Глаз уловил движение на столе, и Вадим замер: шесть фигурок по-прежнему валялись среди пакетиков со специями, а седьмая с усилием переставляла ножки, топая вокруг солонки.
— Вадим!
— А? Что?
— Кубок, говорю, помнишь?
— Нет.
— И не знаешь, где его искать?
— Если я не знаю о Кубке, конечно же, не знаю, где его искать, — машинально ответил Вадим, во все глаза глядя, как фигурка отошла от солонки и склонилась над одной из лежавших.
— Ты прав. Это очевидно. Вадька, если я могу вызвать с помощью костров семерых Кирилловых головастиков, почему бы мне не устроить обратную связь? Вот вопросик, а?
— Я не понимаю.
— Я настрою тебя на Кубок так, что ты пойдёшь на его зов.
— Настроишь меня, а звать будет он. Абсурд.
— Вадим, я, по сравнению с тобой, гений. Но, к сожалению, лишь потому, что ты половины не помнишь и не знаешь. Кубок зовёт всегда, только зовёт он не тебя, а Зверя в тебе. И ты не чувствуешь этого зова, поскольку плохо чувствуешь Зверя.
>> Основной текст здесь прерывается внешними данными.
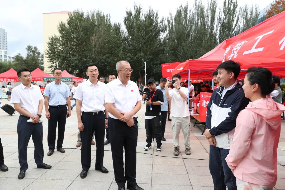 学校领导高度重视迎新工作,上午10时,校党委书记赵琳,校长刘侠,校党委副书记赵水杉,副校长杜军在相关工作人员的陪同下深入西区和南区迎新现场走访慰问。学校领导一行深入迎新接待点、志愿服务站、学生公寓、教学楼等地,慰问迎新工作人员及志愿者,与2023级新生及家长亲切交流,了解同学们的生源地、所学专业、入学感受及未来规划,并勉励同学们要尽快适应新环境,变换新角色,争做新时代的奋进者、开拓者和奉献者。学校领导详细了解了数字迎新的情况,为家庭经济困难学生发放了爱心大礼包。在迎新现场,学校领导每到一处都驻足询问、细致聆听,详细了解各项迎新工作的基本情况及各学院迎新工作的进展、新生报到流程和住宿安排、绿色通道的办理情况等,对坚守在迎新一线的各学院领导、教师、辅导员和迎新志愿者表示慰问,对他们的辛勤工作给予充分肯定。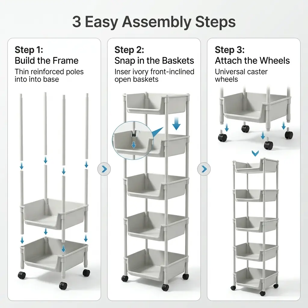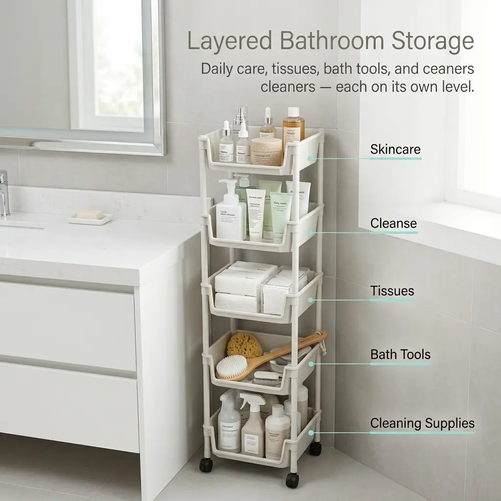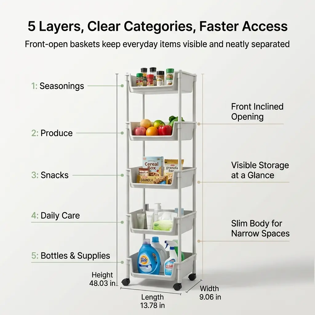 5-tier open storage for toiletries, snacks, produce, toys, books, and daily essentials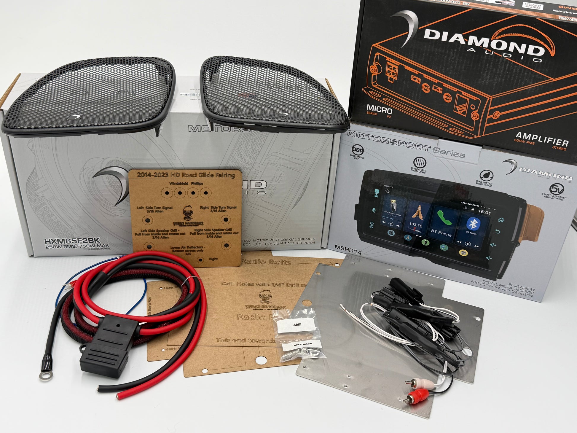 Vegas Hardbags Classic Fairing System with Radio. Built for 2014-2023 Harley-Davidson Road Glides, this package screams Street Sound with raw power, razor-sharp clarity, and tuned for the streets. At its core, the Diamond Audio HXM Black speakers feature the new oversized tweeter, delivering piercing highs and deep, rumbling mid-bass that make every street your personal stage.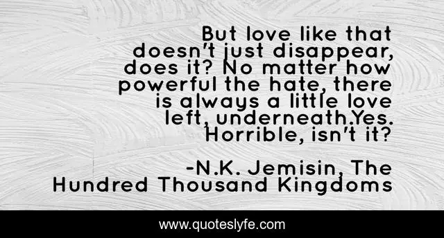 This page presents the quote "But love like that doesn't just disappear, does it? No matter how powerful the hate, there is always a little love left, underneath.Yes. Horrible, isn't it?". Author of this quote is N.K. Jemisin, The Hundred Thousand Kingdoms. This quote is about hate, love, affection, resentment,.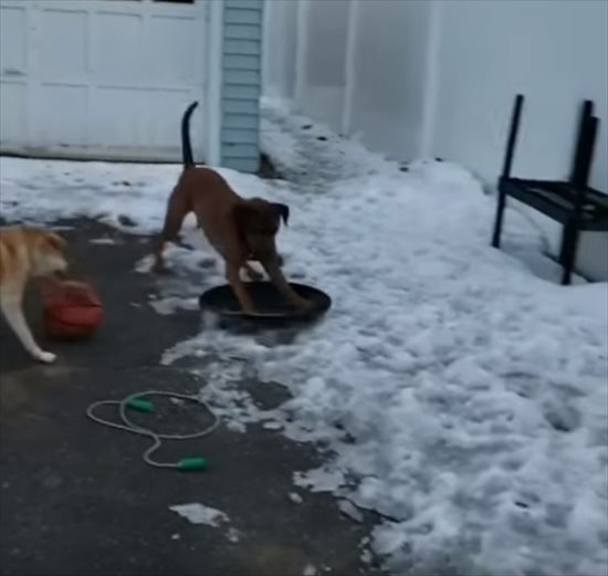 まるでソリのようにして薄く積もった雪の上を滑っています。めちゃめちゃ楽しそうです。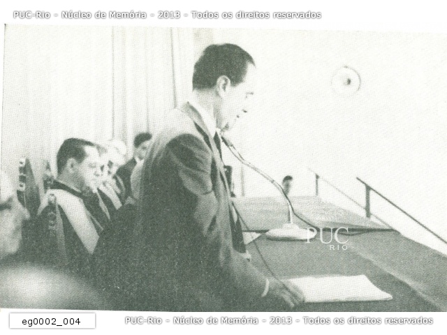 eg0002_004 | 1967 | Embaixador Octavio Dias Carneiro, professor do Instituto de Administração e Gerência (IAG), quando pronunciou a Aula Magna inaugurando o início do Ano Letivo de 1967. |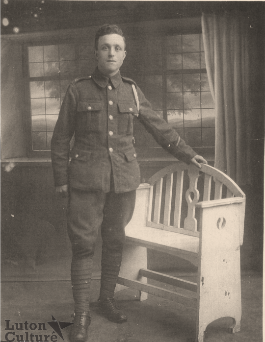 He was assigned to the 2nd/5th Staffordshire Royal Field Artillery Battery, 2/3rd North Midland Artillery Brigade, he undertook his training at Biscot Huts, an Army Camp near to Biscot Mill, Luton.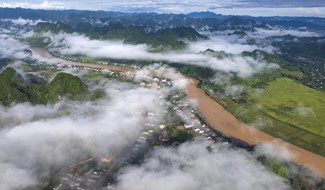 Dòng Sông Son như dải lụa hồng mềm mại, ẩn hiện trong mây uốn lượn qua điệp trùng núi non kỳ vĩ của Di sản Thiên nhiên thế giới Phong Nha-Kẻ Bàng.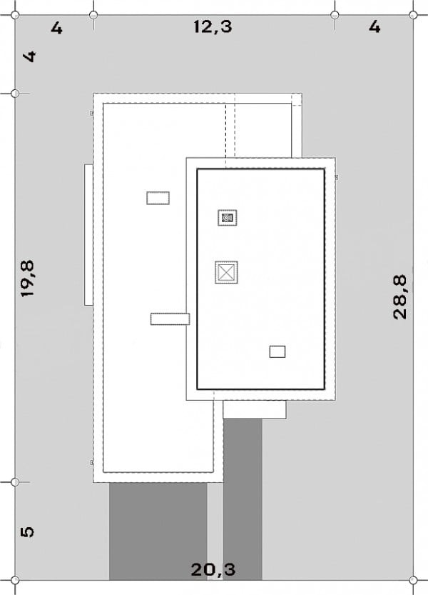 Дизайн дома "Даллас" является идеальным предложением для людей, которые имеют средне широкий участок. Дом с плоской крышей 19 на 12 имеет простой блок, поэтому его реализация не потребит слишком много финансовых ресурсов. Дом был спроектирован для отдельно стоящих зданий. Автор проекта включил двойной гараж форвардов. Конструкция дома покрыта плоской крышей, благодаря чему пол не имеет наклонов и поэтому полностью функционален. Проект "Даллас" - это одноэтажный дом, который делает общение между комнатами очень удобным. Автор проекта предвидел в нем интересную дневную зону. Открытая кухня - идеальное место для семейных и дружеских встреч. На кухне также есть стол, благодаря которому утренние встречи с семьей станут важной частью дня для каждого члена семьи. Дневная зона создается гостиной и столовой, что наверняка удовлетворит сторонников функциональных решений. Интересным элементом, безусловно, является камин, расположенный в гостиной, который придаст интерьеру неповторимую атмосферу. Спальная зона состоит из трех комнат, что является отличным вариантом для небольшой семьи. Пространство также может быть использовано в качестве комнаты для гостей или учебы. Для людей, которые ценят хорошую организацию, важной комнатой является гардероб, представленный в дизайне. Комфортное использование дома также зависит от подсобного помещения, включенного в него. Общие барбекю и семейные трапезы будут дополнены террасой, включенной в проект. Технология кирпича, рекомендованная архитектором, обеспечивает прочность и прочность конструкции. Его внешний вид усиливает характеристики современного стиля, который идеально подходит для людей, которые ценят новейшие решения.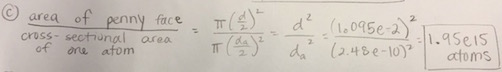 [math]\displaystyle{ d_{atom} = (v_{atom})^{1/3}=(1.53e-29m^2)^{1/3} = 2.48e-10 m }[/math]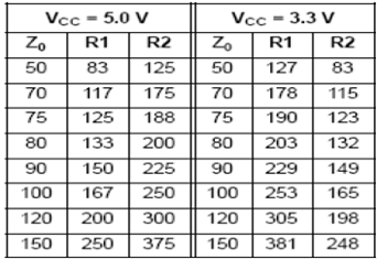 通常我们的设计都是在50ohm传输线系统中,因此R1和R2的选择就比较固定。在Vcc=5V时,R1 = 83ohm,R2 =125ohm;在Vcc=3.3V时,R1 = 127ohm,R2 =83ohm。我们会发现在Vcc = 5V和Vcc =3.3V时R1和R2的阻值正好是颠倒过来的,这有利于我们快速的进行PECL电平的阻抗匹配设计。电阻按5%的精度选取,在3.3V 供电时, R1 为130Ω,R2 为82Ω。而在5V 供电时,R1为82Ω,R2 为130Ω(125Ω)。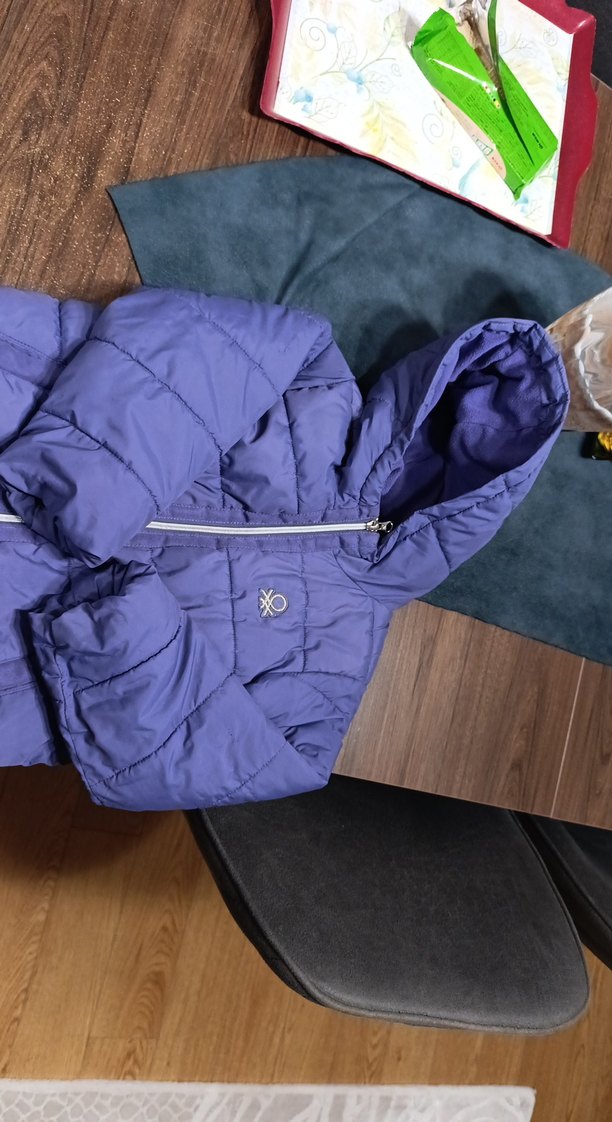 Kız çocukları için parlak mor renkte, fermuarlı ve kapüşonlu, yumuşak ve sıcak kumaştan yapılmış, fitted kesim ceket. Sokak stiline uygun.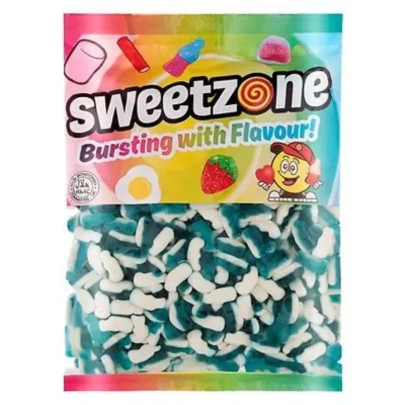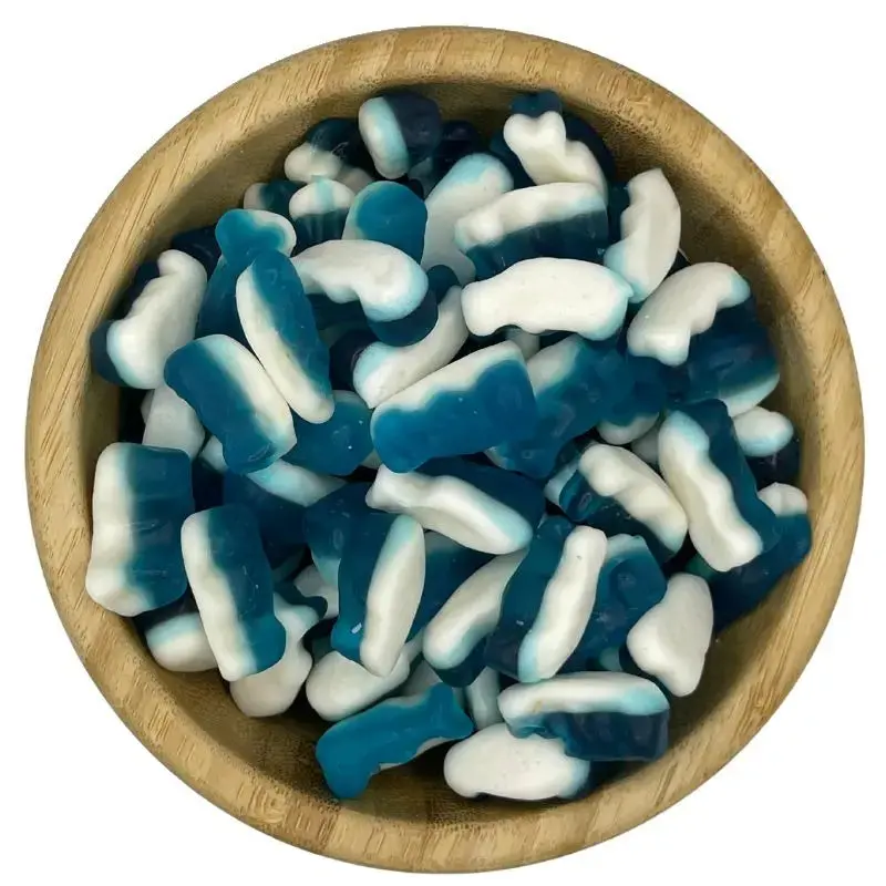 Blå delfiner. Vita och blå minidelfiner av gelé med härliga fruktsmaker.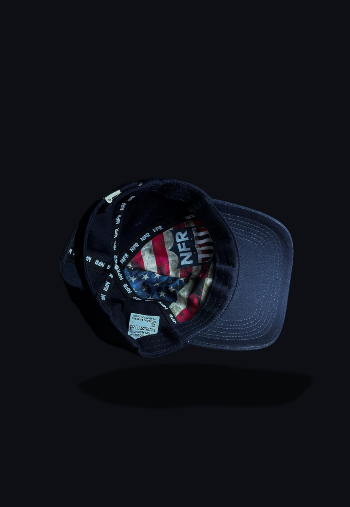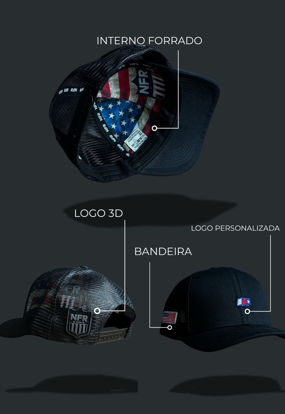 Na lateral, a bandeira dos EUA aplicada com acabamento de alta qualidade adiciona destaque sutil. Na parte frontal, a logo NFR pequena garante toque discreto, elegante e cheio de autenticidade.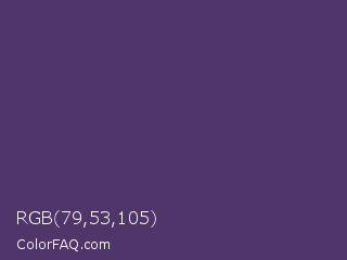 RGB 79,53,105 Color is a normal violet color and the nearest color is English Violet #563c5c. Hex code #4f3569 and RGB value is rgb(79,53,105). In RGB color space, this color is composed of 31% red, 21% green, 41% blue, In CMYK color space, this color is composed of 25% cyan, 50% magenta, 0% yellow , 59% black , In HSL color space, this color has a hue angle of 270° , 33% saturation and 31% lightness.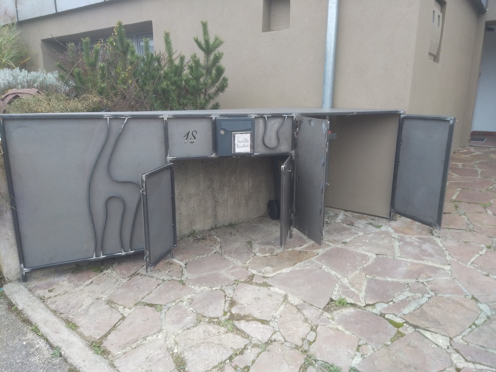 Habillage de coin en local de rangement, structure en tube 25×25 et tôle de 2mm. L’ensemble est brut.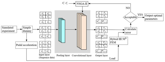 As shown in Figure 7, multiple sets of simulated impact tests were conducted on the simple dummy to test the acceleration signals of the simple dummy’s chest and head, which were used as inputs of the 1D-CNN model. The measured load signal is taken as the finite element model boundary condition, and the head acceleration and upper neck force of Hybrid III 50th FEM are calculated. Optimize the 1D-CNN model filter and bias until the model output responds to match the Hybrid III 50th FEM. To reduce the number of optimization parameters, a pooling layer is set after the input layer, and the data after maximum pooling participates in the convolution operation. (For pooling formula, see (12), and for convolution formula, see (13).) Then, the error of the output layer with Hybrid III 50th FEM under the same loading is calculated. When the error is within the acceptable range, the optimal parameters are output. Otherwise, the NAGA-II generates a new parameter sample of the convolution layer: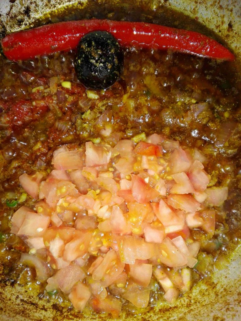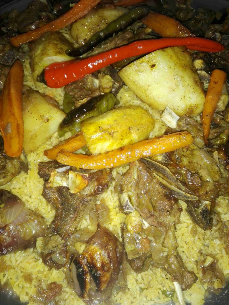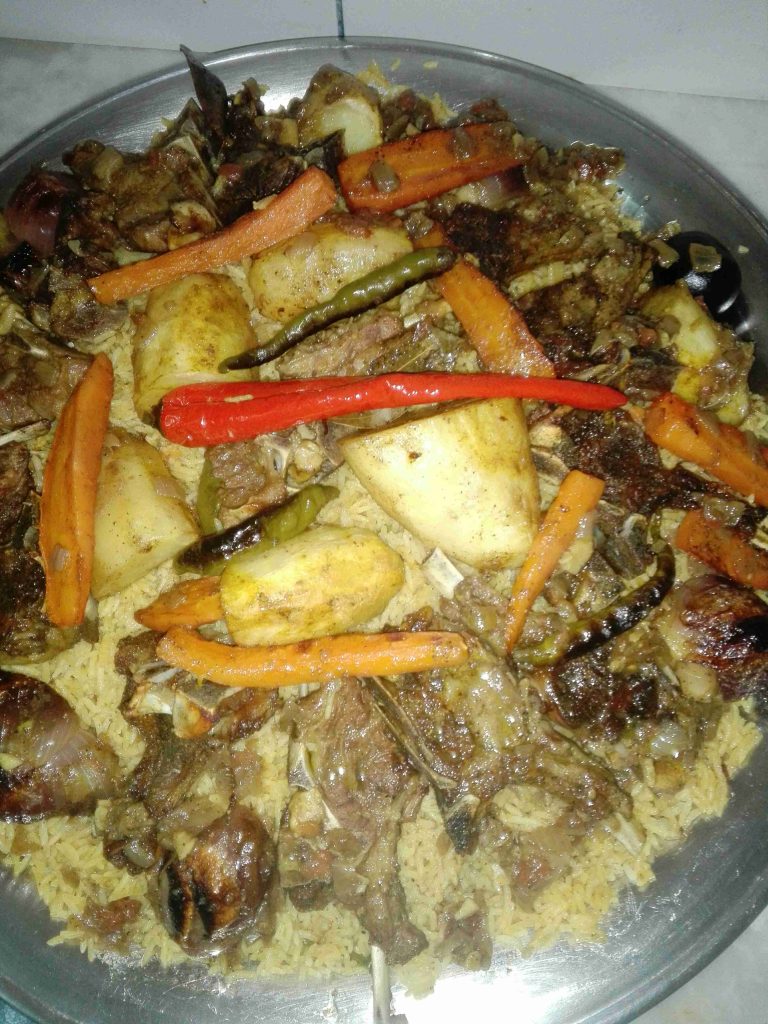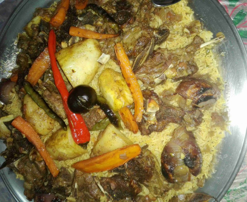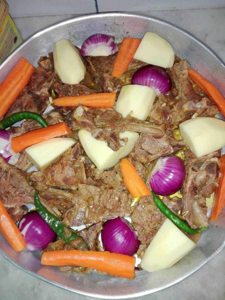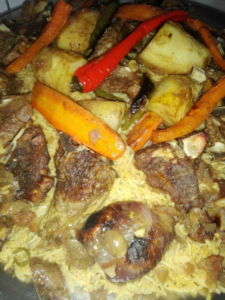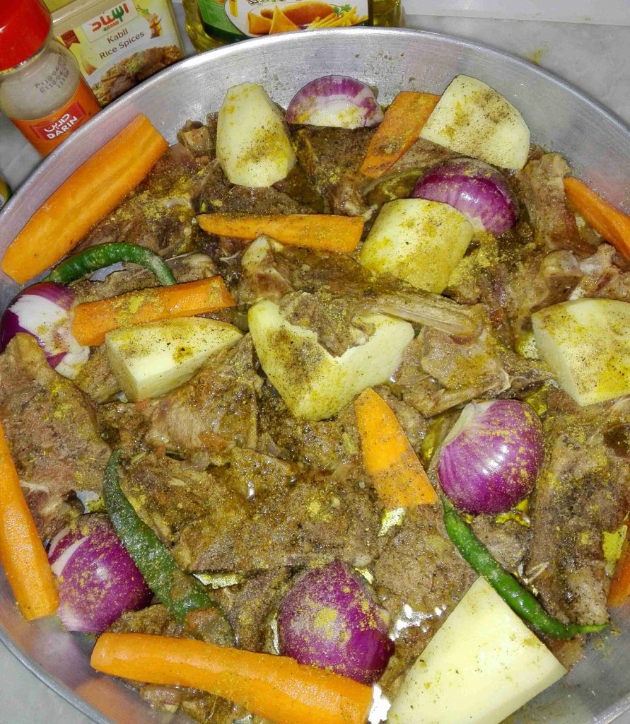& اول شي بنبلش باللحمه استخدمت لحمة ريش بنغسلها مزبوط وبقليها بزيت عالنار عاليه لحتى تاخذ لون ..وبعدين بضيفلها بصله مفرومه وبقلبهم سوا ..وبضيف الثوم المفروم او المهروس ..وبضيف فلفل اسود وكاري وبهارات برياني وبقلبهم سوا لحتى يتقلو مزبوط بضيف الفلفل الحار او حلو وزر بندوره مفروم وبعد ما يتقلبو عالنار عاليه ما بوطي تحتها هالفتره عشان ما تنزل ميتها وطبعا بدون اضافة ملح عشان ما تشد …وبعدين بشيلهم وبضعهم بصينية الفرن وبضيفلها الخضار يلي مقطعه قطع كبيره يلي هي جزر وبطاطا وبصل وفلفل حار ..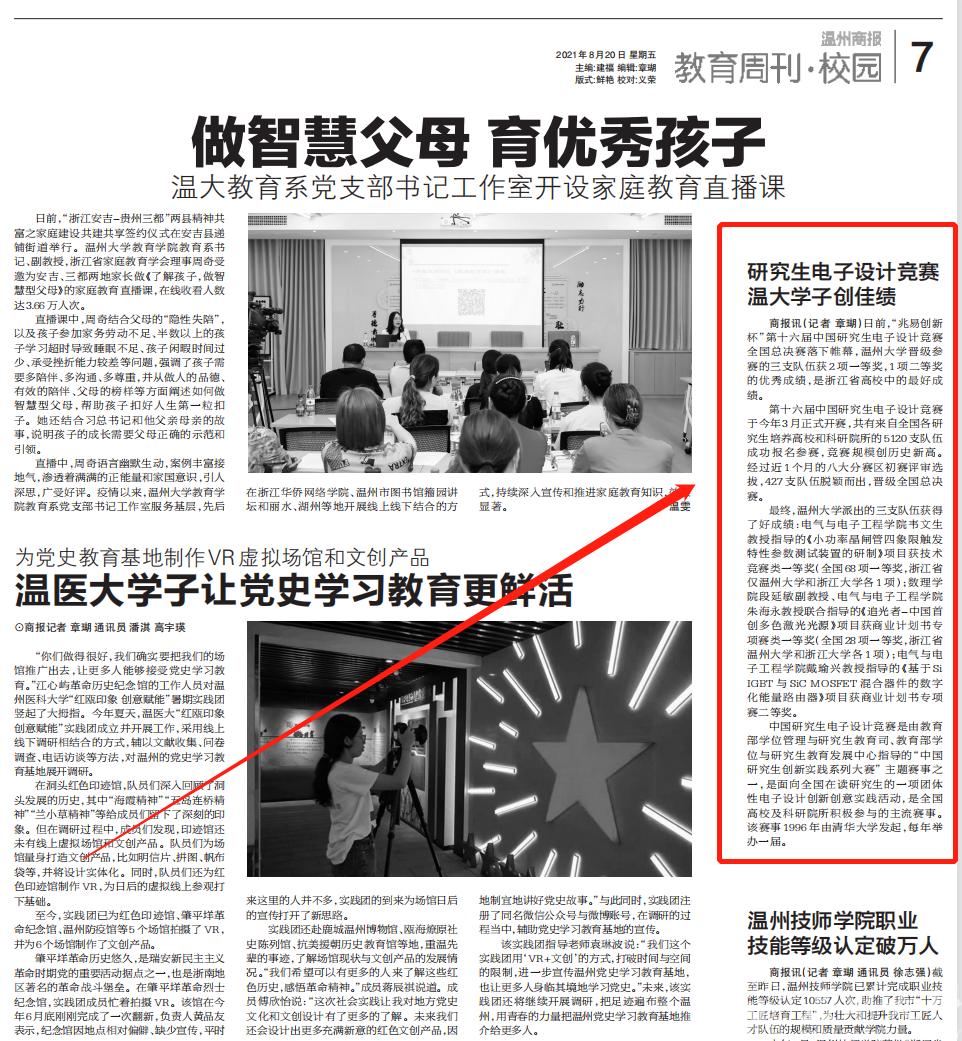 日前,“兆易创新杯”第十六届中国研究生电子设计竞赛全国总决赛落下帷幕,少妇白洁 晋级参赛的三支队伍获2项一等奖,1项二等奖的优秀成绩,是浙江省高校最好成绩。

Странный разговор вызывал ощущение пустоты — пустоты гулкого пространства, а иногда и самой пропасти у ног. Временами маленькая комната, когда-то давным-давно именуемая кухней, сужалась до размеров, разрешённых двумя свечами, а временами скрывала во тьме отсутствие стен — и тогда Вадим чувствовал себя, как тот человечек из теста. А тот, кстати, стоял рядом с шестью лежащими фигурками на бесконечном столе, на краю личной пропасти. И, несмотря на совершенную обезличенность слепленной фигурки, она явно пребывала в растерянности.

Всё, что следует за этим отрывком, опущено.